**How to complete this task**
Only the lines from the start of the data to the line containing "Offrez-vous le luxe", both included, should be output, exactly and without pictures.

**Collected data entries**

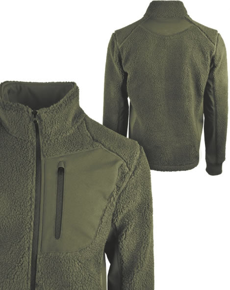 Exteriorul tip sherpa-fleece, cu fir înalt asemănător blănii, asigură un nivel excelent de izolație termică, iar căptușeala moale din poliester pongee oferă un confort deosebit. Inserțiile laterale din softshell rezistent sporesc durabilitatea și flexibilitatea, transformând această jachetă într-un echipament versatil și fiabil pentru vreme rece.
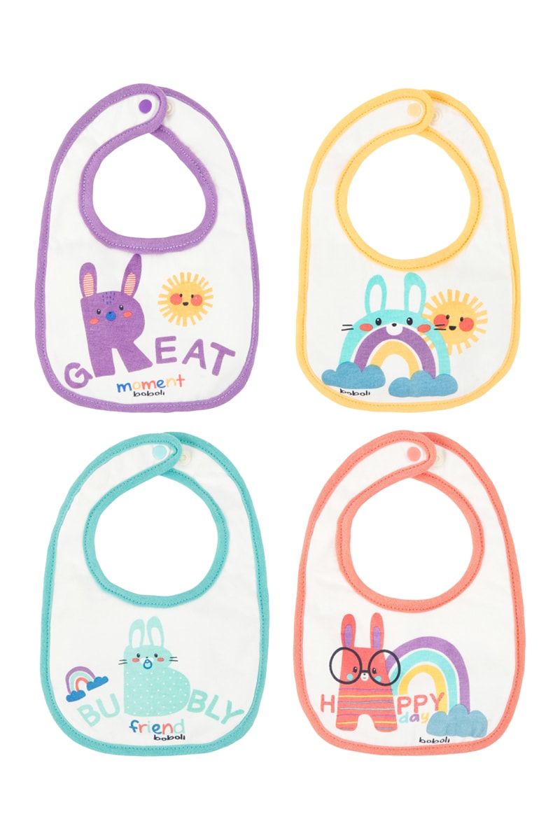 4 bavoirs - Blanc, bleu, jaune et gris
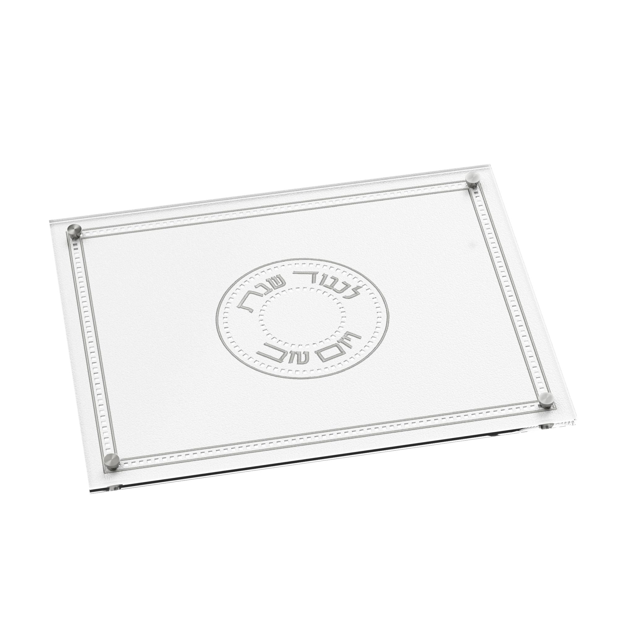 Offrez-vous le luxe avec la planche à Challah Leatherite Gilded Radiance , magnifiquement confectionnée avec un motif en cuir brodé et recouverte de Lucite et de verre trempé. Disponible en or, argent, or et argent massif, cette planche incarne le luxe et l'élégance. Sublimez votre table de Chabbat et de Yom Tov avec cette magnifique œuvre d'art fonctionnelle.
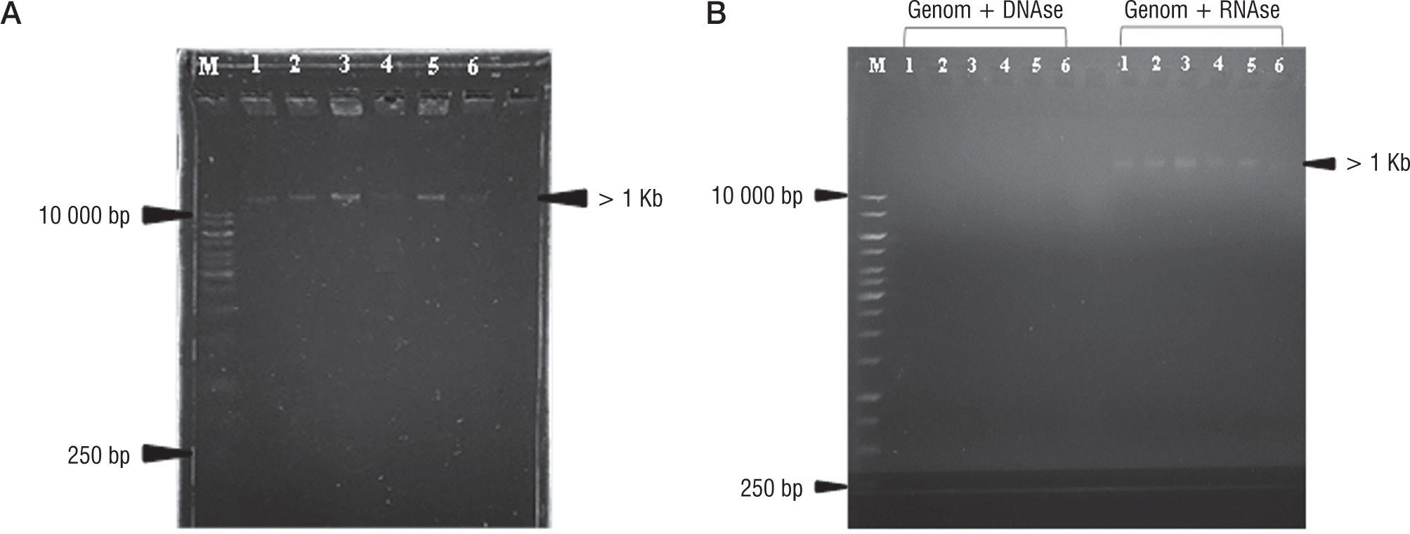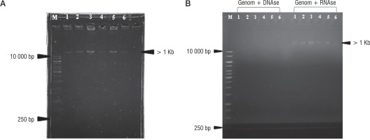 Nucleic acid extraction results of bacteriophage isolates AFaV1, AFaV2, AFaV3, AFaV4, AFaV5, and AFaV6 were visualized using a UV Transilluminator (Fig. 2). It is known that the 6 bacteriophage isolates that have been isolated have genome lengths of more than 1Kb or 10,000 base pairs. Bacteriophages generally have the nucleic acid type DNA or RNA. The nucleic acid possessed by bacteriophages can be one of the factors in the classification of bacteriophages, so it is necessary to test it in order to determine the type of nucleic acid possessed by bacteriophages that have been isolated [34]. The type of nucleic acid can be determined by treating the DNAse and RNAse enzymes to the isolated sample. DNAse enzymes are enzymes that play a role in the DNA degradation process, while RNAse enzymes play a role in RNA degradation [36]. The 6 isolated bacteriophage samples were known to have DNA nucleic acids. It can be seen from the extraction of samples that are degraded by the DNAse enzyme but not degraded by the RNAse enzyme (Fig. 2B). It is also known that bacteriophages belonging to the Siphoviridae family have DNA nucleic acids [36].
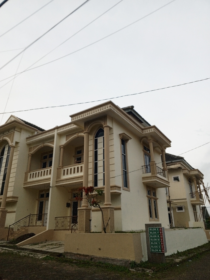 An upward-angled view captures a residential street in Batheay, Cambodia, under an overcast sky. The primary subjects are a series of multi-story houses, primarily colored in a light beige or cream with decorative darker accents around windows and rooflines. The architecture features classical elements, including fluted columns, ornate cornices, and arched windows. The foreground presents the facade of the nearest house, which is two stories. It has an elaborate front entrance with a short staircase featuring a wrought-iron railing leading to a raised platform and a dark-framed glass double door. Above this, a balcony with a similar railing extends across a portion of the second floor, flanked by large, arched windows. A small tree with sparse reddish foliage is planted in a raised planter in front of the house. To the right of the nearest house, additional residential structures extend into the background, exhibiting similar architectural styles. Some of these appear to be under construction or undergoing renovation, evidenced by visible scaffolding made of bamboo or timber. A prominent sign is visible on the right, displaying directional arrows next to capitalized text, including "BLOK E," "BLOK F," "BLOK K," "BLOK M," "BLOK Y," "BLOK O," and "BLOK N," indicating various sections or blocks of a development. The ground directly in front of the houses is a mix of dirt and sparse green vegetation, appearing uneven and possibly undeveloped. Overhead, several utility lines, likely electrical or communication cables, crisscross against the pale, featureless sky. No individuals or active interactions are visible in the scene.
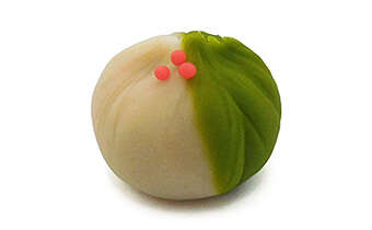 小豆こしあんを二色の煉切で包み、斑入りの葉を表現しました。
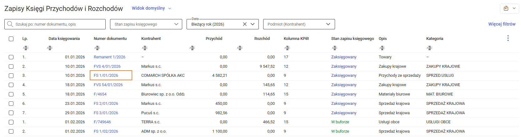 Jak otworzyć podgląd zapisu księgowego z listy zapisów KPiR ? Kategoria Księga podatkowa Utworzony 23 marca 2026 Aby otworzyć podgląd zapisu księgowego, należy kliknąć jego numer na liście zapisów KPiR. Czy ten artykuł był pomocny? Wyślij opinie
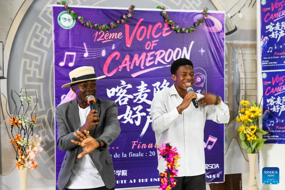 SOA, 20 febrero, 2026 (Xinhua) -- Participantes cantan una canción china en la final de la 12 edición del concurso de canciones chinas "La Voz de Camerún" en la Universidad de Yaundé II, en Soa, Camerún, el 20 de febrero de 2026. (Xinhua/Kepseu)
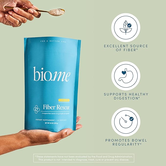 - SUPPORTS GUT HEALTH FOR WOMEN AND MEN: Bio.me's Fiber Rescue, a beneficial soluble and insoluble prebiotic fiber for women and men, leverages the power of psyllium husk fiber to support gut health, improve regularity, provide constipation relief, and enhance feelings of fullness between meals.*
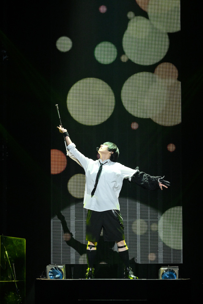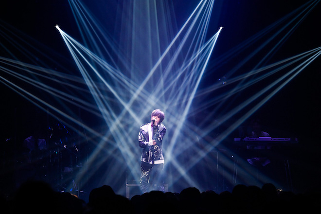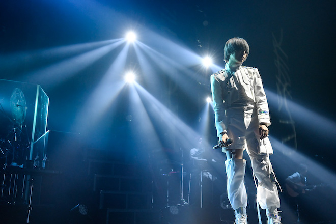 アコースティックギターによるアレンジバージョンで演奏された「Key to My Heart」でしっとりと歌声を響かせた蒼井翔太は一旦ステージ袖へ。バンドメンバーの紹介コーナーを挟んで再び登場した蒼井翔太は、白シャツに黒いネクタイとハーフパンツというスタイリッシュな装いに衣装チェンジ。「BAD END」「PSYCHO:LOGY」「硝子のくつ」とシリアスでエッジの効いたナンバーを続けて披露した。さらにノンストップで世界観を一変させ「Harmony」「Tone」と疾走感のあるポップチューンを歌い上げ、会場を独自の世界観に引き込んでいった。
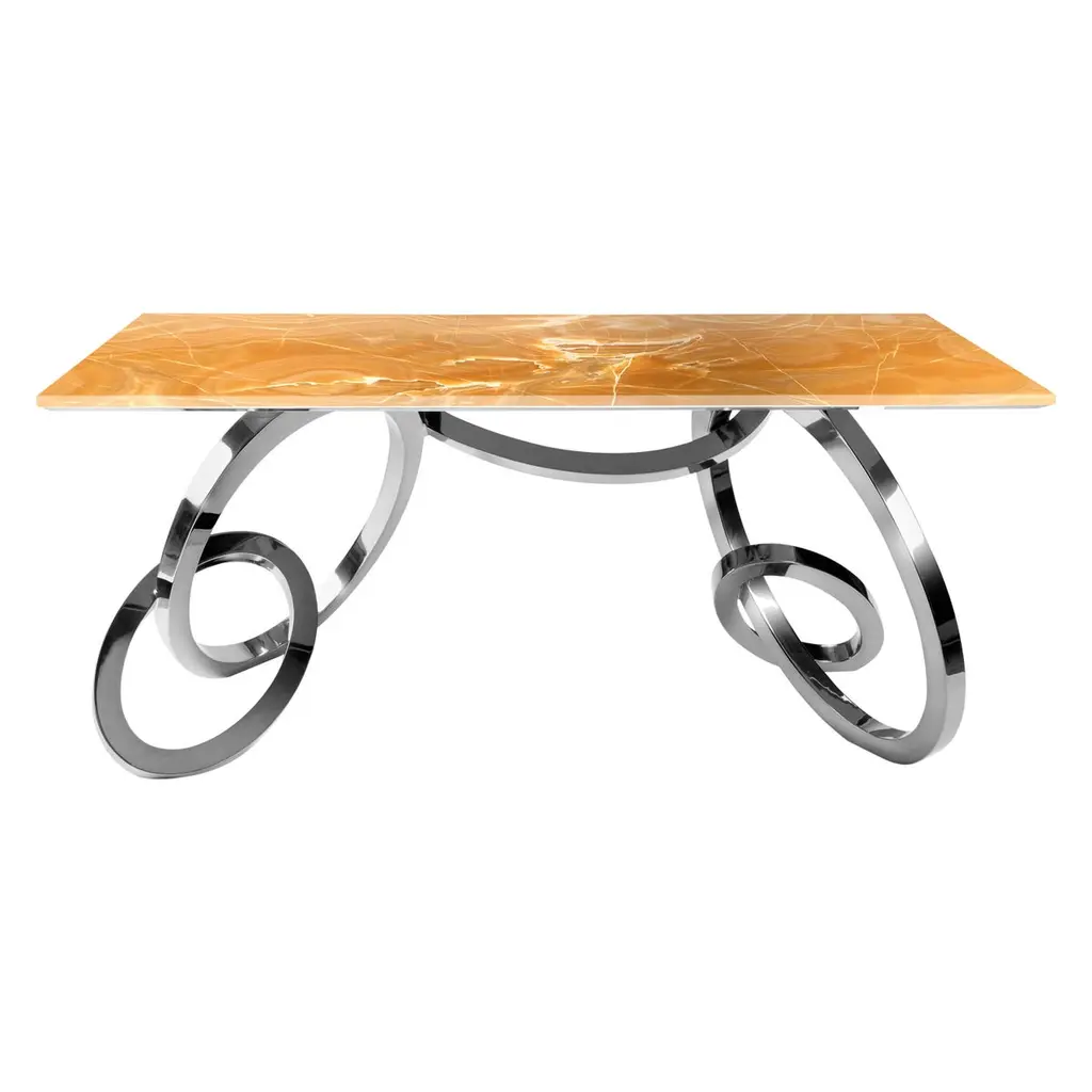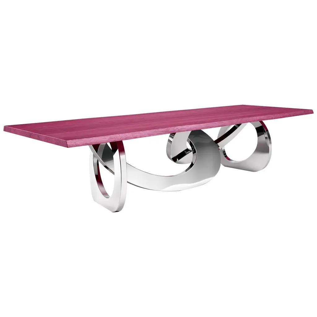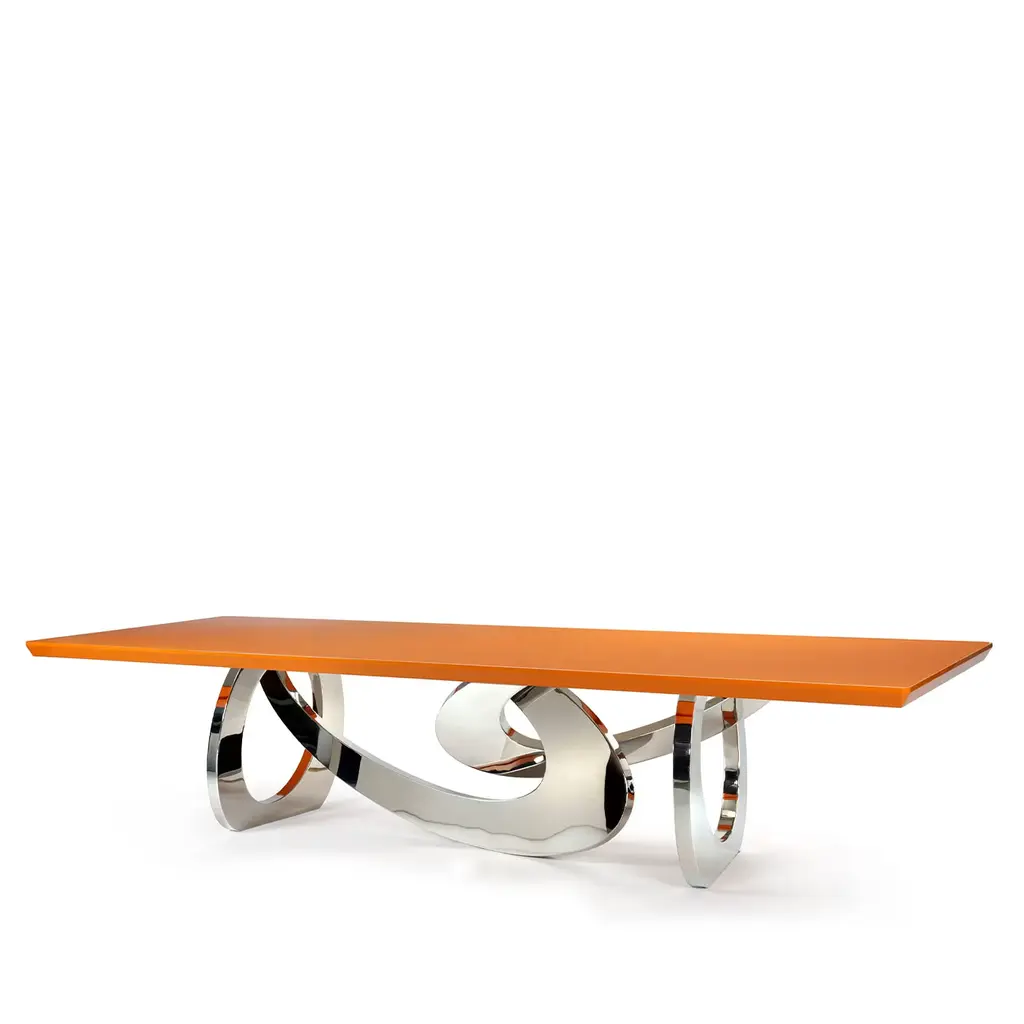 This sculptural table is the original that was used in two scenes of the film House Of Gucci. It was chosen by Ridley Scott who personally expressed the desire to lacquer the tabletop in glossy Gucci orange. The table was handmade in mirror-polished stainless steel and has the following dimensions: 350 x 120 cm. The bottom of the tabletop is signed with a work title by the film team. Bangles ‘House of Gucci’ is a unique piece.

**Finished task**
 Exteriorul tip sherpa-fleece, cu fir înalt asemănător blănii, asigură un nivel excelent de izolație termică, iar căptușeala moale din poliester pongee oferă un confort deosebit. Inserțiile laterale din softshell rezistent sporesc durabilitatea și flexibilitatea, transformând această jachetă într-un echipament versatil și fiabil pentru vreme rece.
 4 bavoirs - Blanc, bleu, jaune et gris
 Offrez-vous le luxe avec la planche à Challah Leatherite Gilded Radiance , magnifiquement confectionnée avec un motif en cuir brodé et recouverte de Lucite et de verre trempé. Disponible en or, argent, or et argent massif, cette planche incarne le luxe et l'élégance. Sublimez votre table de Chabbat et de Yom Tov avec cette magnifique œuvre d'art fonctionnelle.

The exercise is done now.